The finding of the association between hypotension and in-hospital mortality in the present study is in line with previous data from a large cohort. Kim et al. retrospectively investigated 17,406 patients and could show that hypotension was associated with increased mortality in patients with trauma .
Strengths and limitations
A strength of this study is that we investigated a broad cohort of patients with severe trauma. Especially, we included all types of injuries taking into account mechanisms of troponin release other than chest trauma. Second, although we performed a retrospective analysis, our data are based on a prospectively constituted database which ensures high data quality. This is also applicable for blood pressure values which were recorded permanently and automatically. On the other hand, our broad inclusion criteria could also be seen as a limitation as the cohort of patients in whom permissive hypotension is recommended is narrow. Due to the retrospective nature of the study, it is not possible for us to comprehend which patients really received permissive hypotension with the aim to control bleeding and which patients were hypotensive because of other reasons, e.g. induction of anesthesia.

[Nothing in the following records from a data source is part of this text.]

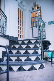 Approaching the front door, one climbs a zig-zag double staircase, emphasizing the already imposing and geometrically-intricate structure. Two window panes decorated with sharp shapes flank the door on its sides and framed in the middle is a fish sculpture, all hinting at what is to unfold inside. Walking through a small coat area, an aquatic dream is presented in the next room, framed by the doorway. A stepped-tray ceiling of bold blue sets the stage for a central chandelier. In the words of singer Lana Del Rey, the chandelier reflects “like Art Deco out on the floor — shining like gun metal, cold and unsure.”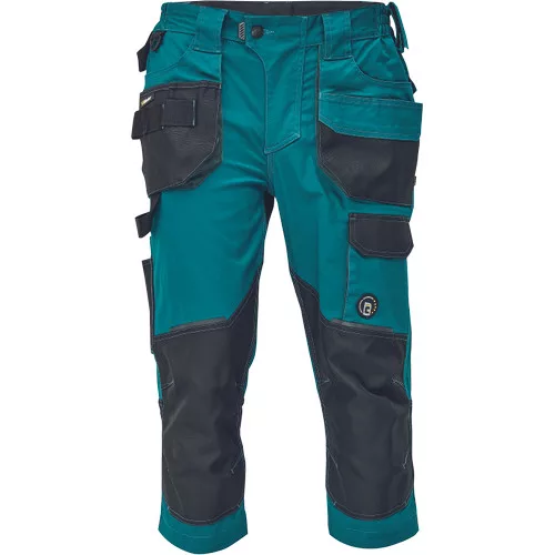 Dinamikus vonalvezetésű, modern szabású férfi 3/4-es nadrág, rugalmas, innovatív TRIFIBETEX® anyagból. Alacsony, gumírozott derékkal készül, láb- és üleprészen tartós, tripla varrásokkal. Praktikus kialakítás: tágas, multifunkcionális első zsebek szerszámtartó pánttal, 2 hátsó zseb Oxford erősítéssel, a combon telefontartó zseb tépőzáras zsebfedővel, külön zsebek vonalzónak, késnek, kalapácsnak, egyedi repülőzseb, D-gyűrű, és szerszámtartó hurok a derékpánton. A munkaruha színeivel harmonizáló fényvisszavető elemekkel egészítettük ki.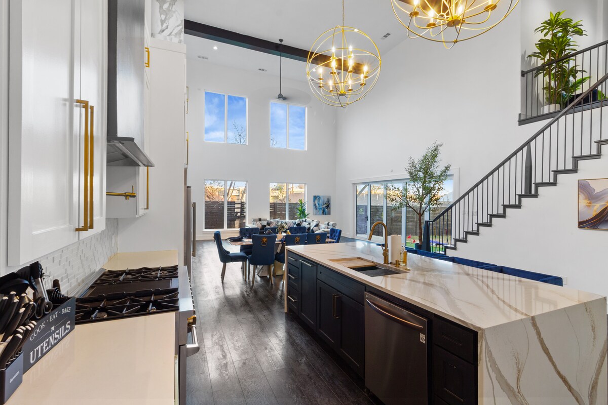 ¡Sin tarifas de limpieza! ¡Impresionante casa con techos altos a solo 3 millas del centro! Cerca del acuario, zoológico, aerolíneas americanas, parque klyde warren y todo lo que Dallas tiene para ofrecer. 6 dormitorios, 5,5 baños, 12 camas. Capacidad para 24 personas cómodamente. Casa inteligente moderna con jacuzzi (costo adicional), ping pong, hockey de aire, mesa de billar, futbolín, 9 televisores de pantalla grande, incluida una sala de cine con Samsung QLED de 98"con sonido envolvente Dolby Atmos. También tiene patio, parrilla de carbón, cornhole, jenga, connect 4, shuffleboard y cocina completa.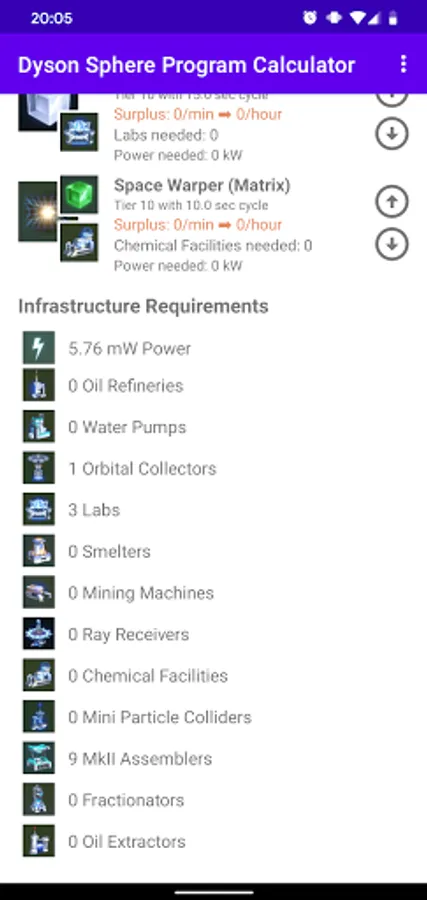 This tool takes some of the confusion out of playing. DSP displays different information in different UI which can make it hard to calculate how the cycles fit together. This app converts everything to per-minute quantities and calculates the true tiers of production so you know what needs building in order.
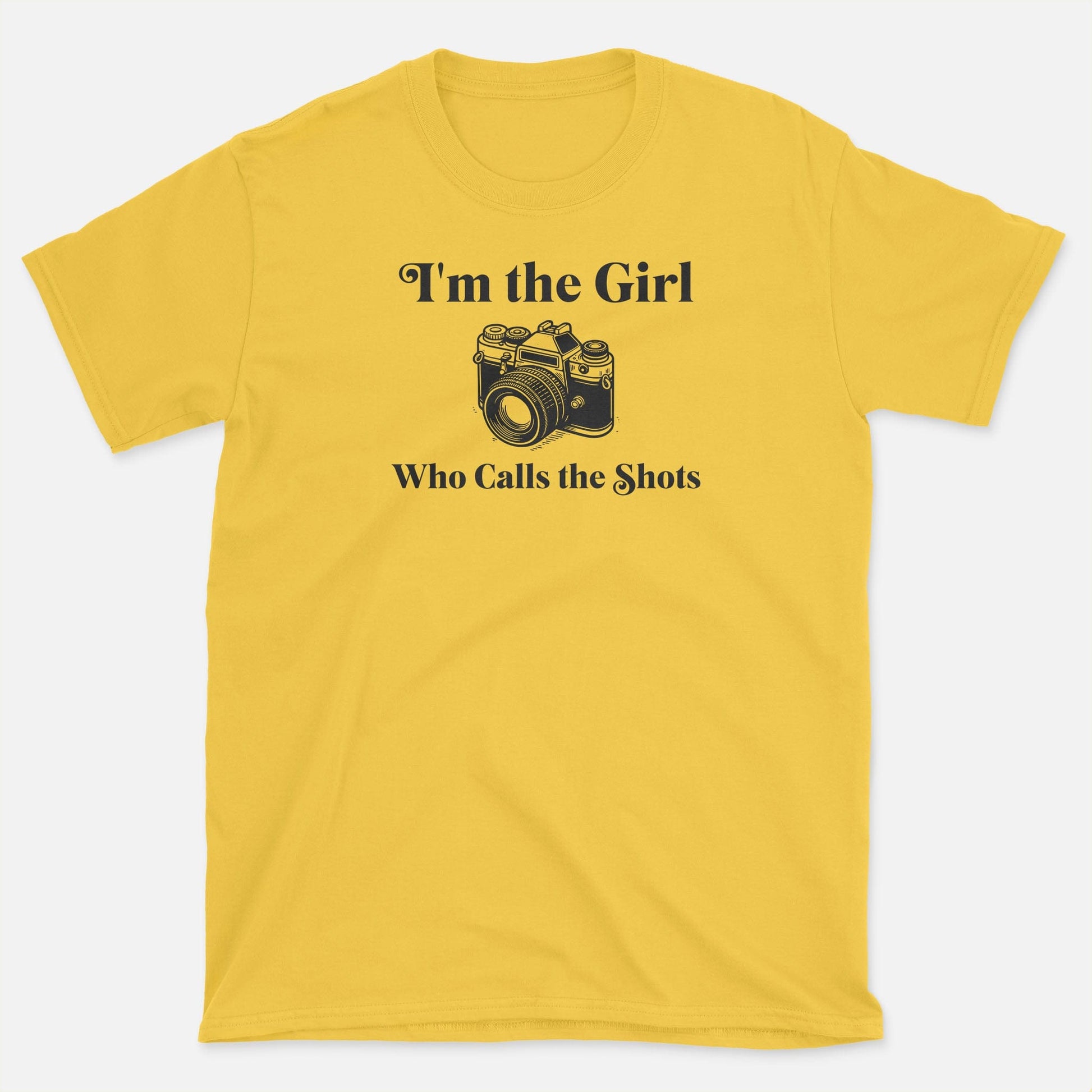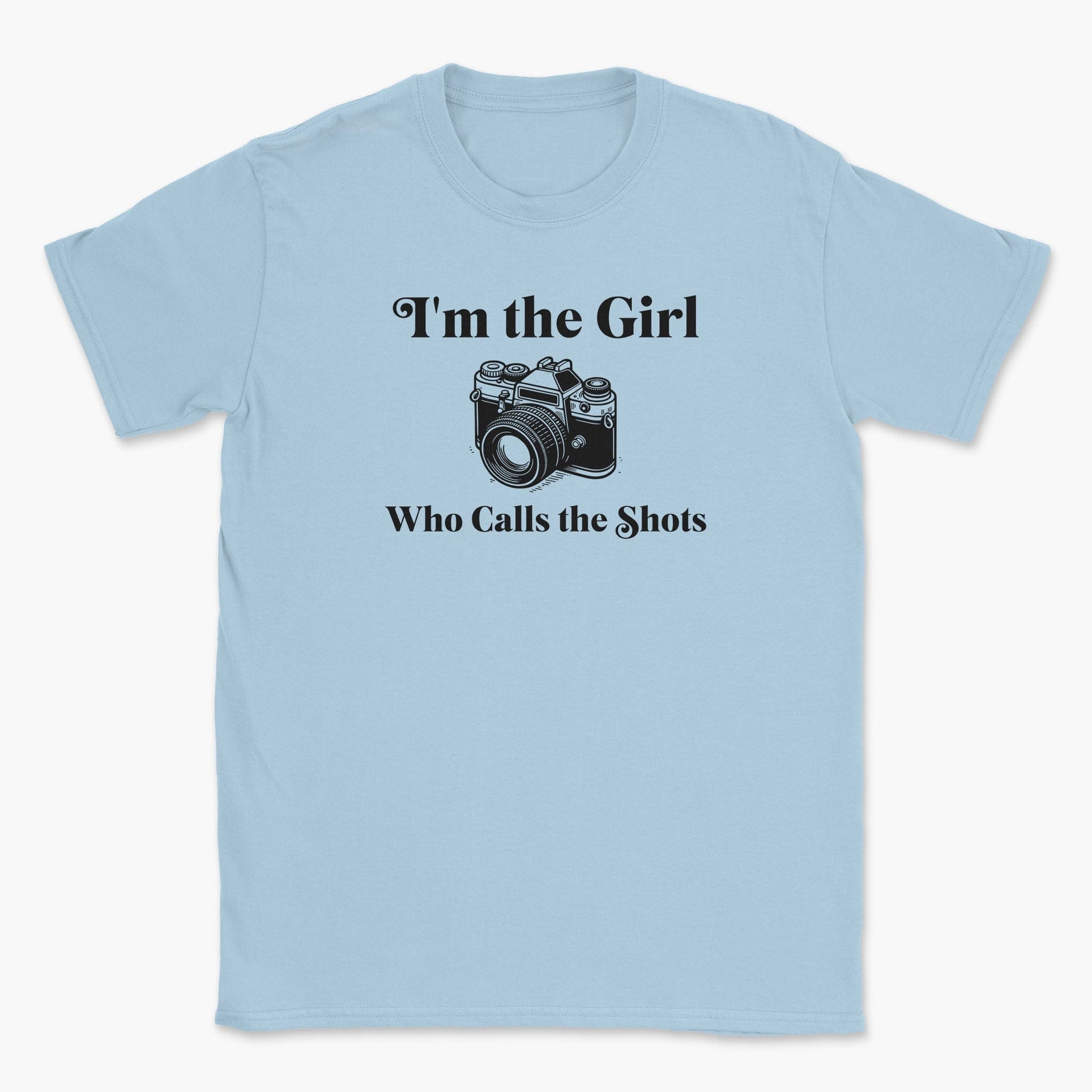 For the girl behind the lens and in charge of the whole shoot—this tee says it all. “I'm the Girl Who Calls the Shots” is a bold, witty nod to photographers who take control and snap with confidence 📸✨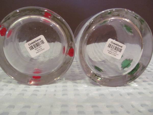 Set of 2 NEW Double Old Fashioned glasses with fun Holiday themes. Hand Blown glass. Measure 4" H x approx. 3.25"W and hold 15 oz. RETIRED designs.
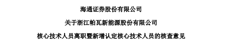 10月31日,浙江帕瓦新能源股份有限公司核心技术人员发生变动,其中林可博先生因个人原因辞去公司所任职务,不再担任核心技术人员。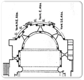 Empezando por la arquería baja, incluyendo también los del presbiterio, y de izquierda a derecha mirando al Este, tenemos: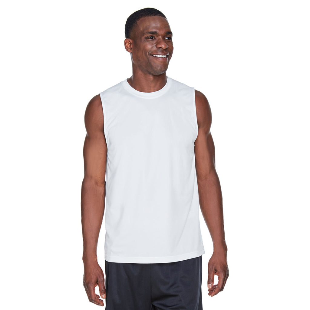 Team 365 Men's White Zone Performance Muscle T-Shirt is great for those that need to be outdoors in warmer weather. Available with custom screen print to showcase your company design, the muscle shirt would make comfortable and functional employee apparel for those who do lawn care, serve outdoors, or even those who lifeguard. With numerous colors to choose from the performance muscle tee offers moisture wicking and UV protection for those overly warm days spent focused on work. The 100% polyester fabric would even make this an ideal choice for trade shows and events. Get your company noticed with a customized shirt, design yours today.Corresponding Women's Style: Team 365 Women's White Zone Performance Racerback Tank
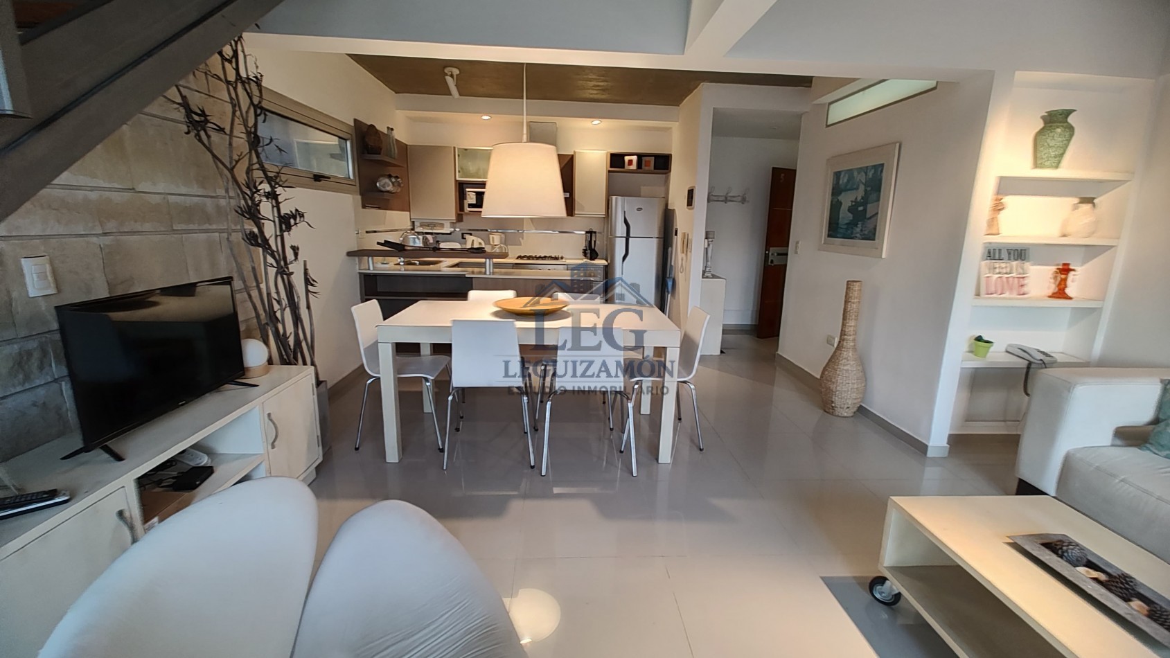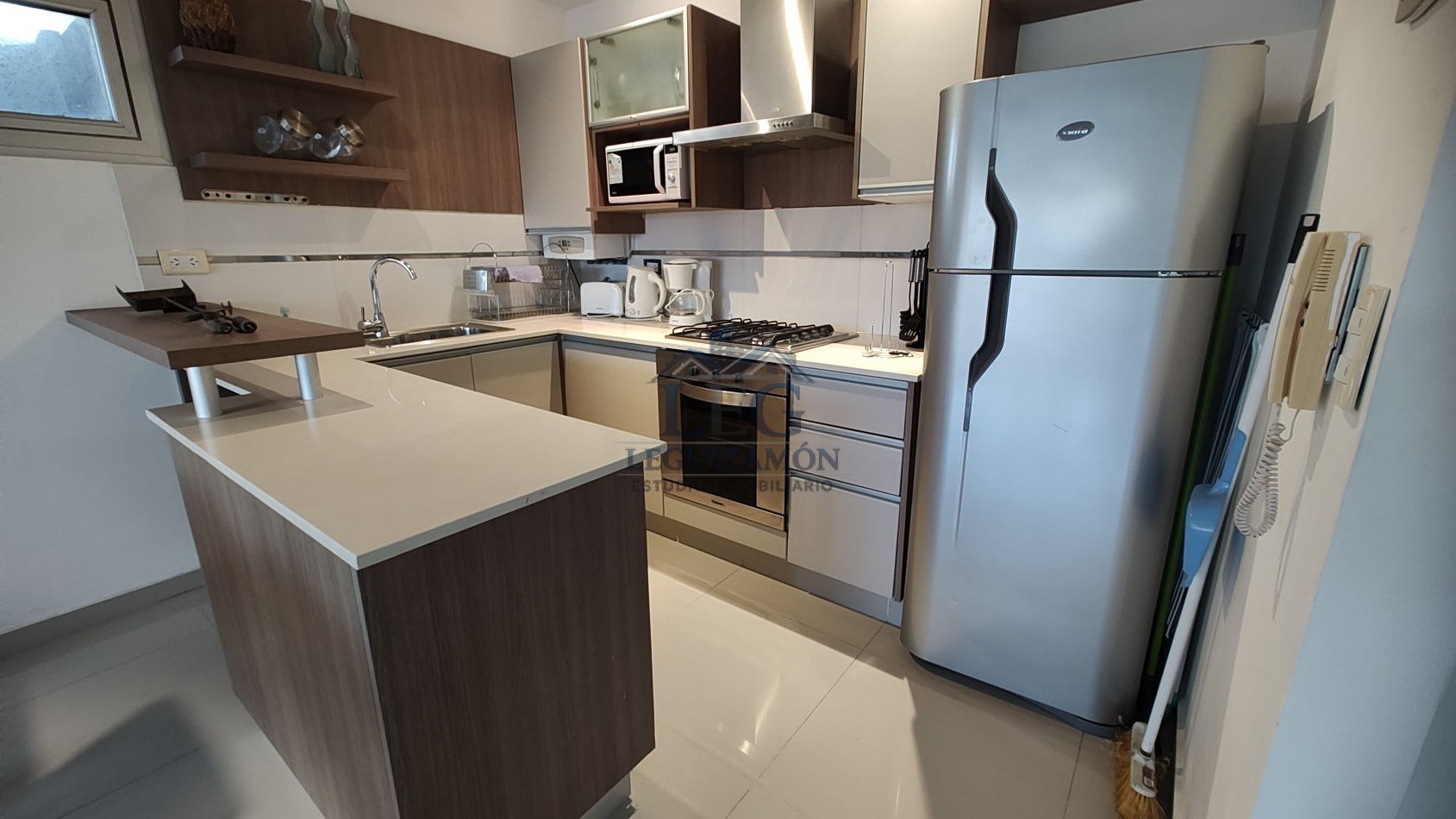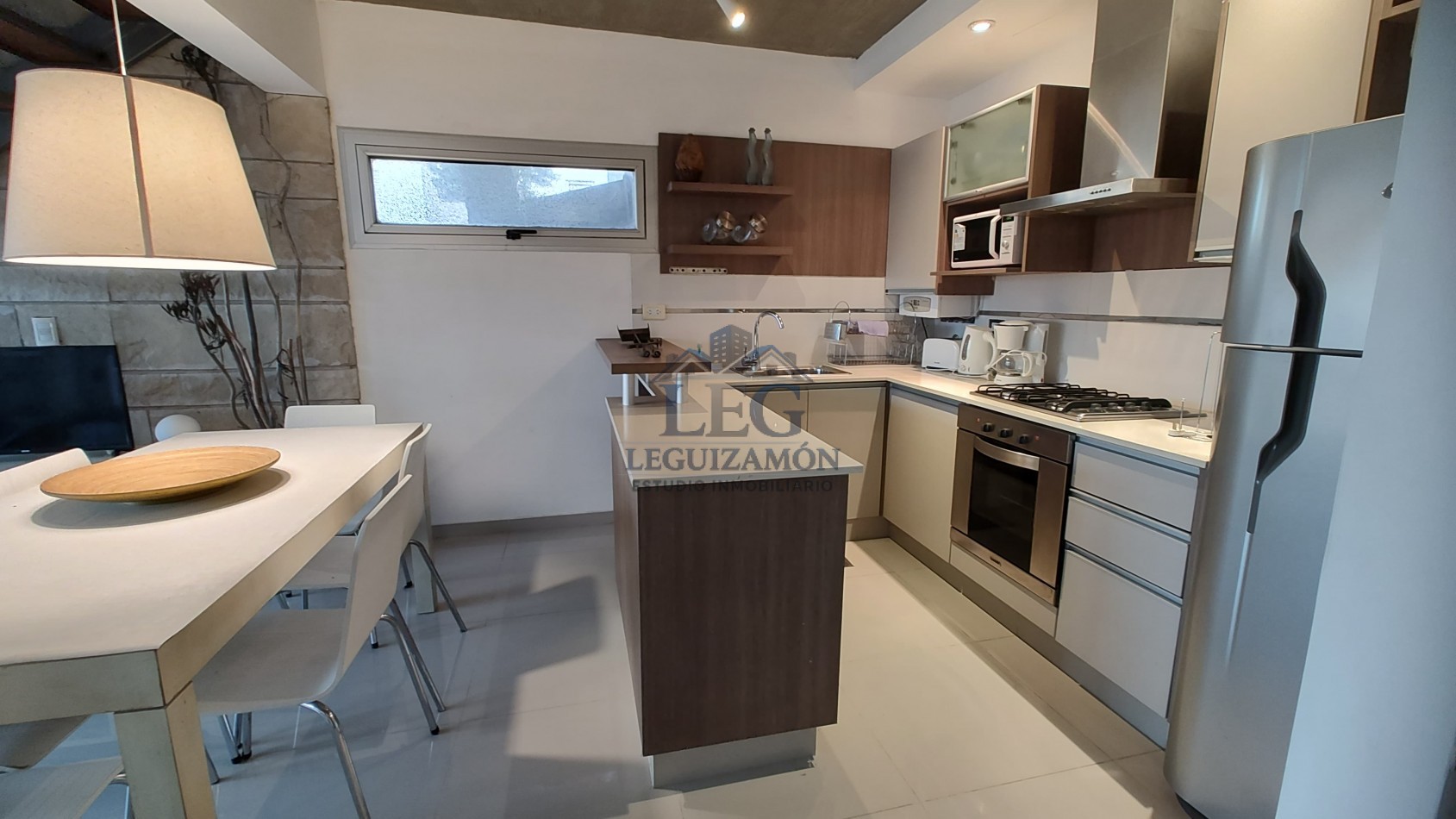 - Cocina integrada con barra desayunadora.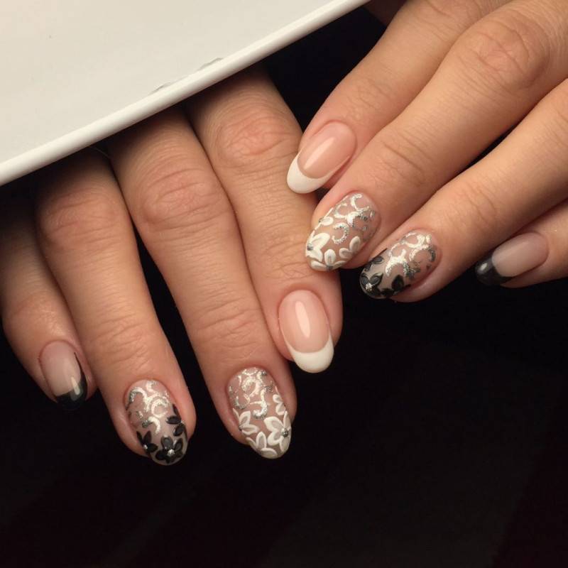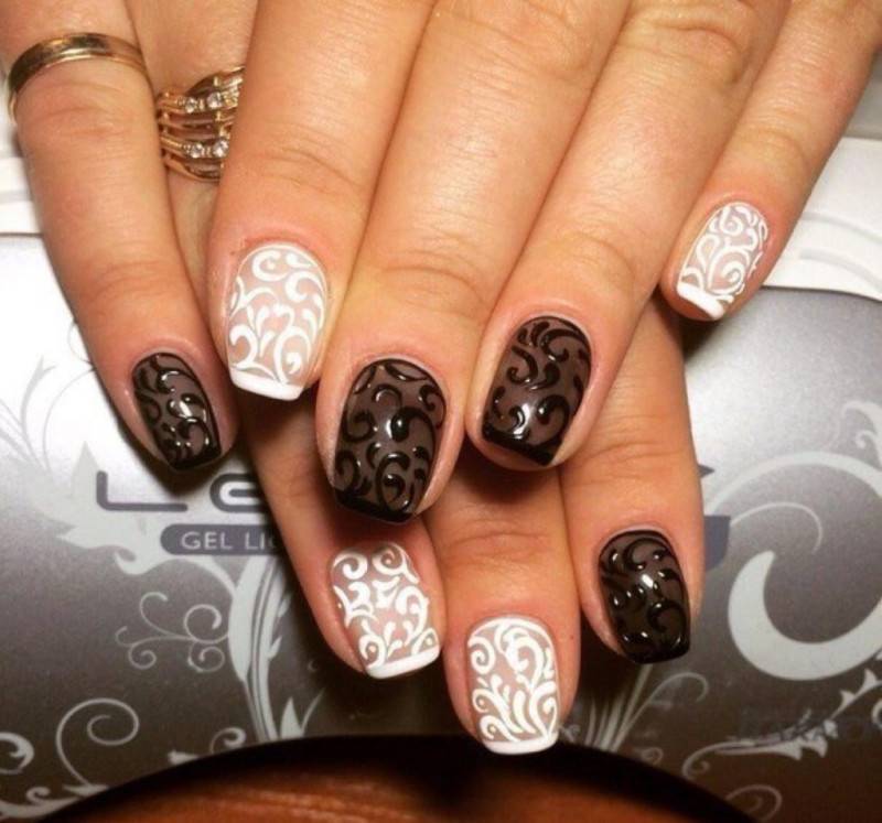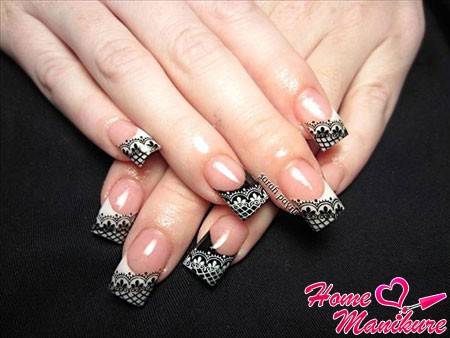 Тем, кто хочет всегда быть в центре внимания, дизайнеры предлагают нанести на ногти аристократические вензеля в черно-белых тонах. Изящно и женственно выглядит френч с кружевом в черно-белых тонах. Он будет уместен, как в офисе, так и на дружеской вечеринке.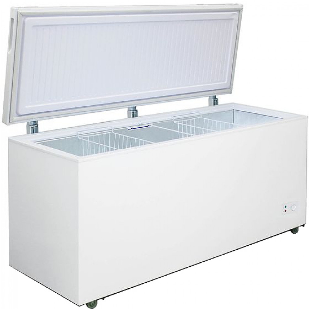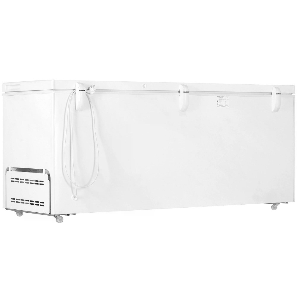 Сливное отверстие упрощает размораживание оборудования. Благодаря наличию колес на основании предусмотрена возможность перемещения морозильного ларя Бирюса 560KX. Класс энергоэффективности A отмечает невысокие расходы электрической энергии.

There are further limitations to the present study: we could only analyze blood pressure values in the resuscitation room as pre-hospital documentation was not available. Thus, blood pressure and troponin measurements were performed simultaneously and hypotension in the course of resuscitation period may have been influenced by events and/or interventions after hsTnT measurement. However, there were several considerations serving as a basis for the decision to choose initial hsTnT as the primary endpoint of this analysis: first, in contrast to follow-up troponin measurements, baseline troponin data were almost complete and as troponin is measured routinely in our resuscitation room, data could be regarded as representative without any selection bias. Second, our decision was based on the assumption that patients with a longer period of hypotension during resuscitation period may also have had hypotension before entering the hospital. Third, we analyzed relevant secondary endpoints that occurred after resuscitation period (MACE and mortality) that were also independently associated with hypotension which emphasizes our findings. Finally, we performed additional analyses using peak hsTnT values as endpoint. Although selection bias might be present, these data help to understand our results. It is important to mention that we conducted a retrospective study. However, most patient characteristics correspond to the current literature so that our cohort may be regarded as representative.